Le débat politique est devenu une véritable surenchère d’impuissance consentie et de déni du réel. Les péquistes ne cessent de faire comme si la soumission au régime n’avait que des conséquences endurables, comme si rien ne sera jamais si grave pour que le Québec se dresse. Les caquistes ne demandent pas mieux que de faire semblant de trouver noble la malhonnêteté intellectuelle d’un aspirant baronnet et de se faire une petite musique de nuit avec les refrains mille fois répétés d’une autonomie provinciale aussi chimérique que la volonté de l’État canadian d’y accorder la moindre attention. Québec solidaire et les autres partis et groupuscules s’imaginent que le Québec peut se donner un projet de société en oubliant Ottawa et en déportant à gauche l’indigence provinciale. Plus personne ne veut penser la politique nationale dans sa condition réelle, dans sa condition radicalement dépendante.

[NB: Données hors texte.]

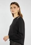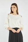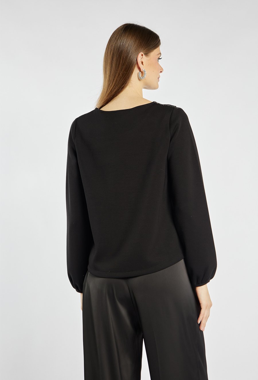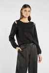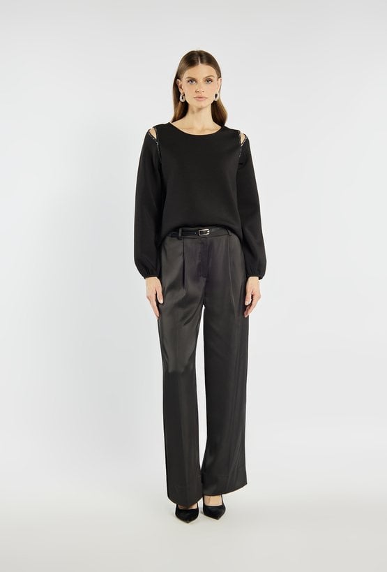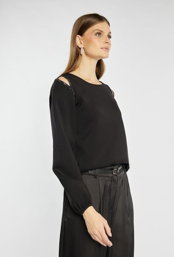 Bluza o eleganckim charakterze z efektownymi wycięciami na ramionach, subtelnie ozdobionymi błyszczącą lamówką. Idealna na święta lub wieczorne wyjście. Modelka na zdjęciu ma 177 cm wzrostu i prezentuje rozmiar S.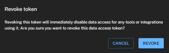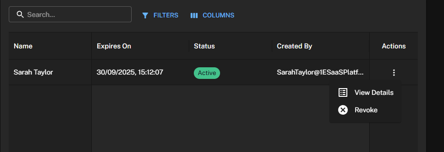 Platform administrators can create tokens and revoke tokens on demand. The token list is searchable and filterable.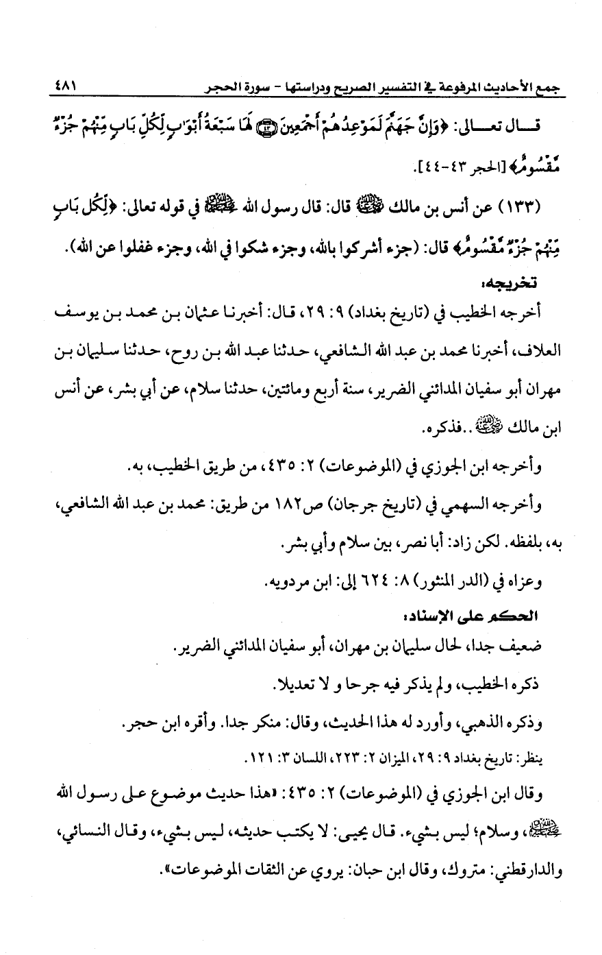 (133) عن أنس بن مالك -رضي الله عنه- قال: قال رسول الله -صلى الله عليه وسلم- في قوله تعالى: {لِكُلِّ بَابٍ مِنْهُمْ جُزْءٌ مَقْسُومٌ} قال: (جزء أشركوا بالله، وجزء شكوا في الله، وجزء غفلوا عن الله).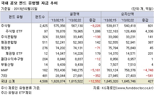 2월 22일 현재, KG제로인 유형분류 기준으로 펀드자금 동향을 조사한 결과, 국내 공모펀드 설정액은 한 주간 1조 2,552억원 감소한 161조 5,522억원, 순자산액은 427억원 증가한 164조 5,746억원으로 집계됐다.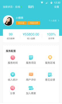 全新打造的服务者工作平台,包含智能派单、收入统计、技能提升等模块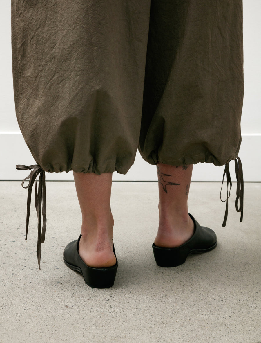 A shoe to take you from day to night. Handmade in Peru, the upper is made of a single piece of wrapped nappa leather, resulting in a beautifully streamlined look with a soft and supple feel. Complete with a natural rubber heel, these slides are just what you need to take you from a casual day on the town to a night out.

Les programmes des partis ne sont plus que des énoncés sans fondement dans la realpolitik, des manifestations d’une dépendance à ce point intériorisée que ses catégories ne sont plus perçues comme structurantes. La dépendance n’est pourtant pas qu’une somme d’anecdotes ou un catalogue de limitations vues comme des « irritants ». C’est un cadre, un paradigme de claustration. La politique provinciale n’est pas seulement une politique pour nation annexée, comme l’a si bien montré Maurice Séguin, elle est devenue dans le Canada post-référendaire un véritable trompe-l’œil. Le Québec n’a plus le moindre contrôle sur la définition des finalités de son développement. Tout au plus peut-il s’entredéchirer sur les modalités d’aménagement des contraintes que lui impose un régime qui n’a plus le moindre souci pour ses réactions. Pis encore, pour sa capacité de réagir, tant la pusillanimité de sa classe politique est évidente et avérée.

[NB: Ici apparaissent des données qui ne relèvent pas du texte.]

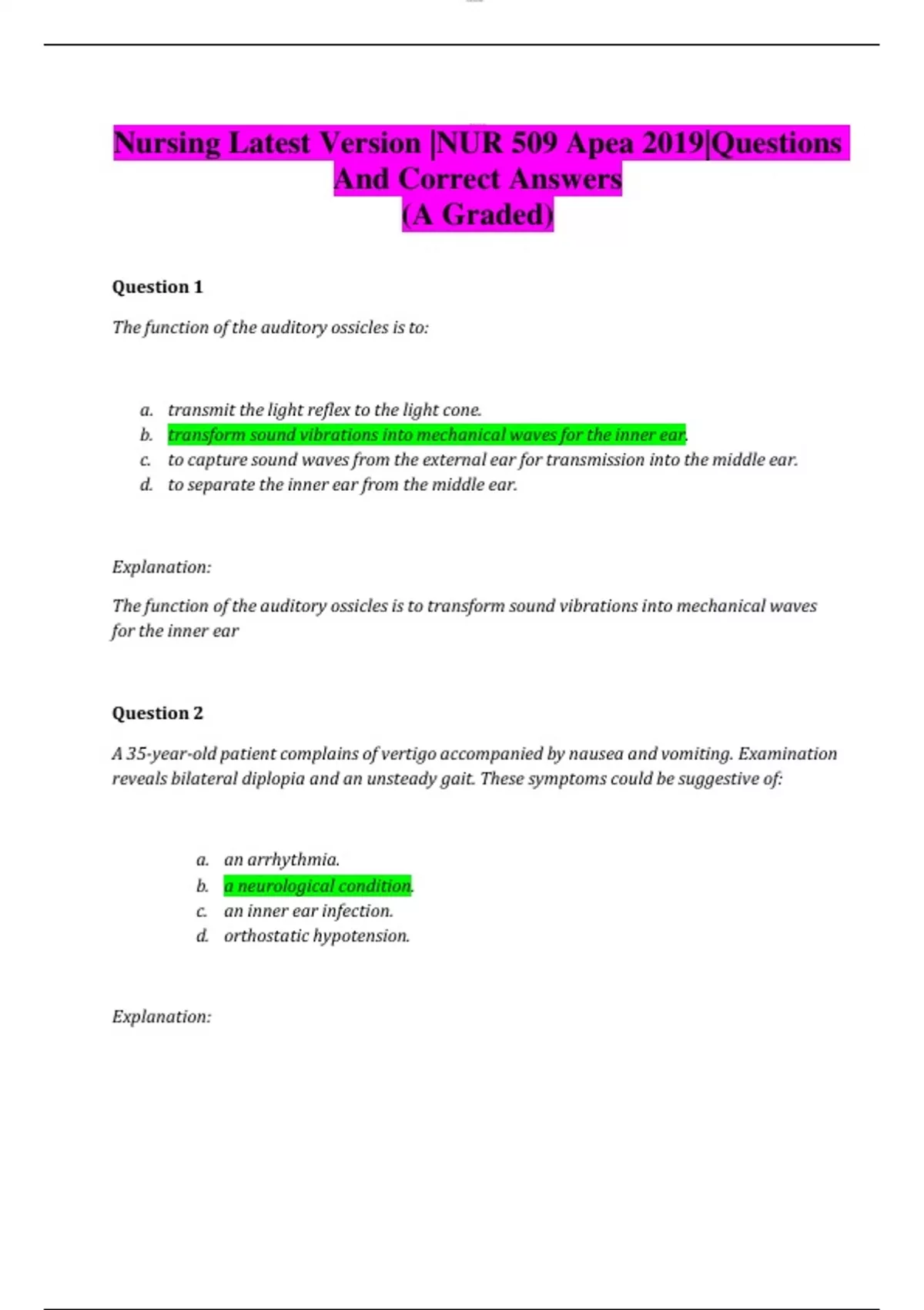 Nursing Latest Version |NUR 509 Apea 2019|Questions And Correct Answers (A Graded)

La vérité de notre condition politique c’est que l’État du Québec est en voie de décomposition, que le gouvernement du Québec a de moins en moins les moyens de sa mission et qu’il a si bien intériorisé les contraintes que le Canada lui impose qu’il ne se pense plus que dans la vision déformée que la faiblesse et l’incohérence de ses gestes donnent à ses projets et à sa capacité de se projeter. On comprend dès lors en quoi la seule existence du Bloc québécois peut apparaître à plusieurs comme incongrue, voire obscène. Sa présence à Ottawa comme force d’incarnation de la volonté de se conduire selon ses finalités propres suffit à révéler que l’altérité radicale est la seule voie de représentation des intérêts et des actions de la nation.

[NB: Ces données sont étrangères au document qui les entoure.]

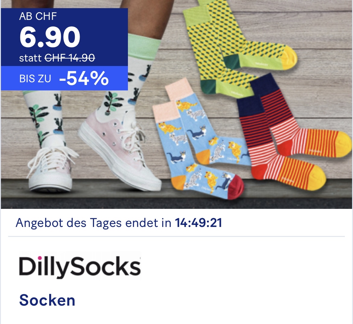 In den 20 Minuten Deals gibt es heute DillySocks im Angebot. Das sind bunte, lustige, farbige Socken – für Mann, Frau und Kind.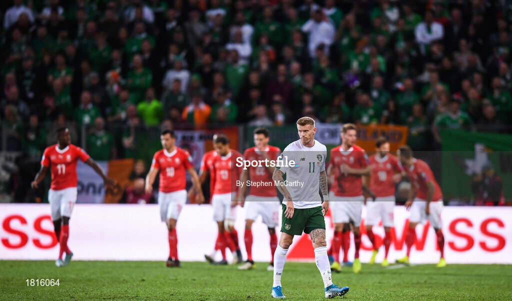 15 October 2019; James McClean of Republic of Ireland reacts after his side conceded their first goal during the UEFA EURO2020 Qualifier match between Switzerland and Republic of Ireland at Stade de Genève in Geneva, Switzerland. Photo by Stephen McCarthy/Sportsfile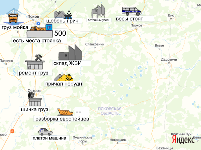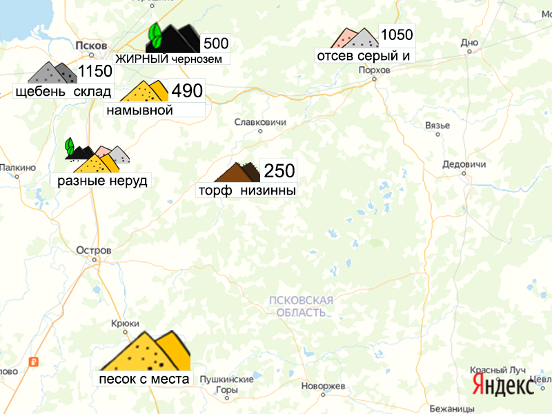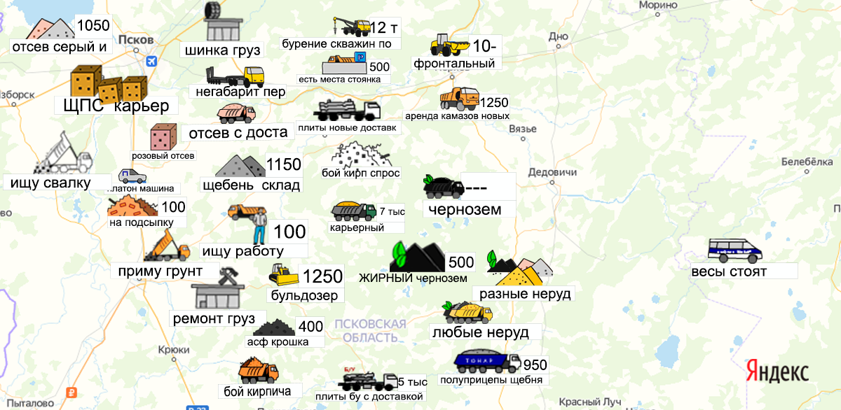 Песок, щебень, техника: объявления на карте в Псковской области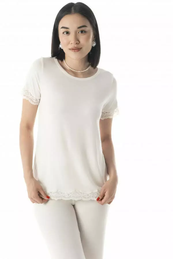 Футболка жіноча для сну модал з мереживом German Volf 24086 Молочний M 582184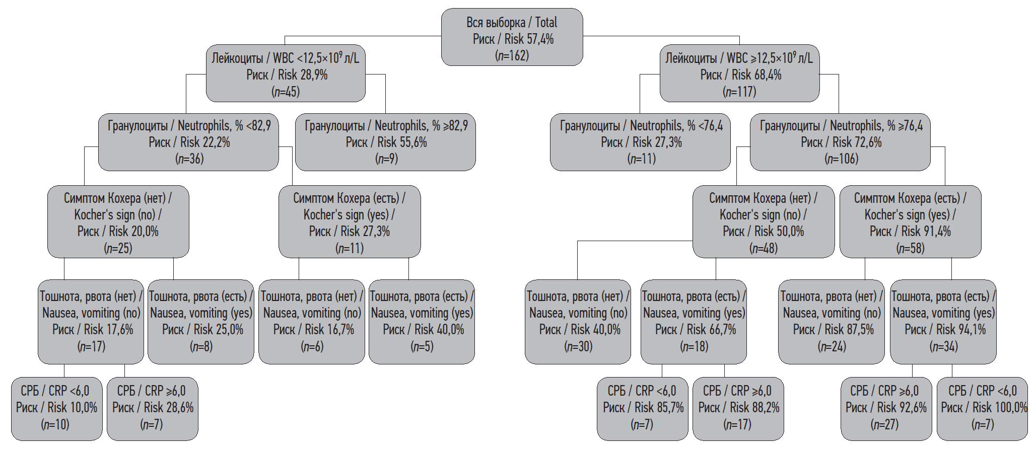 Результаты. При проведении сравнительного анализа выделены наиболее значимые предикторы острого аппендицита у беременных: концентрация лейкоцитов в крови ≥12,5×109/л [относительный риск (ОР) (доверительный интервал, ДИ) 2,37 (1,47–3,80)], С-реактивного белка ≥21,0 мг/л [ОР (ДИ) 1,72 (1,36–2,17)], положительный симптом Кохера [ОР (ДИ) 2,01 (1,50–2,69)], а также процентное содержание гранулоцитов ≥78,0 [ОР (ДИ) 2,2 (1,29–3,77)] и наличие тошноты/рвоты [ОР (ДИ) 1,35 (1,03–1,76)]. На основании полученных данных однофакторного анализа разработана диаграмма дерева решений с определением риска вероятности развития острого аппендицита. Предложенная диаграмма дерева решений обладает хорошей чувствительностью (65,9%) и специфичностью (92,1%) при AuROC 0,86.
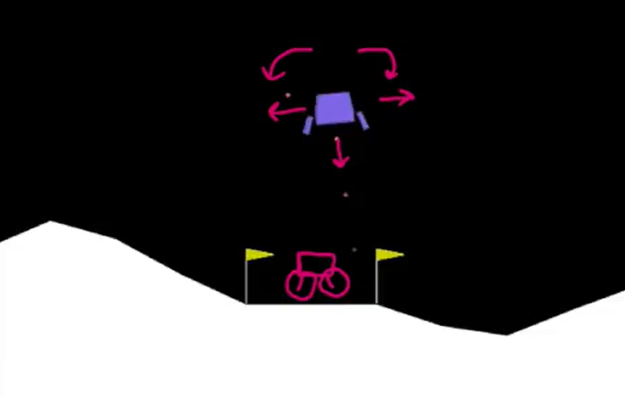 比如主推进器,可能我们的策略并不会经常性尝试使用它(作用不明显),但是引入一些随机尝试后也许就发现主推进器在某些情况下会取得不错的效果,那么 Q 函数就会更新这一部分让其获得更大的权重。95%的指定行动部分就是贪心部分,而 5%的部分是探索部分。

Il faut espérer que l’année 2018 soit celle de la fin du déni. Il faut que l’action militante force les partis à sortir de la politique des lamentations, qu’elle impose l’ambition d’en finir avec la dépendance et pour ce faire d’en finir avec les représentations de l’action que nous sert une classe politique totalement engluée dans la politique provinciale. S’il importe de se débarrasser des libéraux, il importe davantage d’éviter de les remplacer par d’autres portiers de la maison de fous canadian. Le Québec mérite mieux que la politique qu’on lui sert. Des siècles de persévérance têtue ne peuvent s’abolir par le consentement à l’impuissance et s’avilir dans le renoncement à se faire maître de son destin. Il faut juger la classe politique à l’aune de sa responsabilité historique et non pas à celle de ses appétits circonstanciels.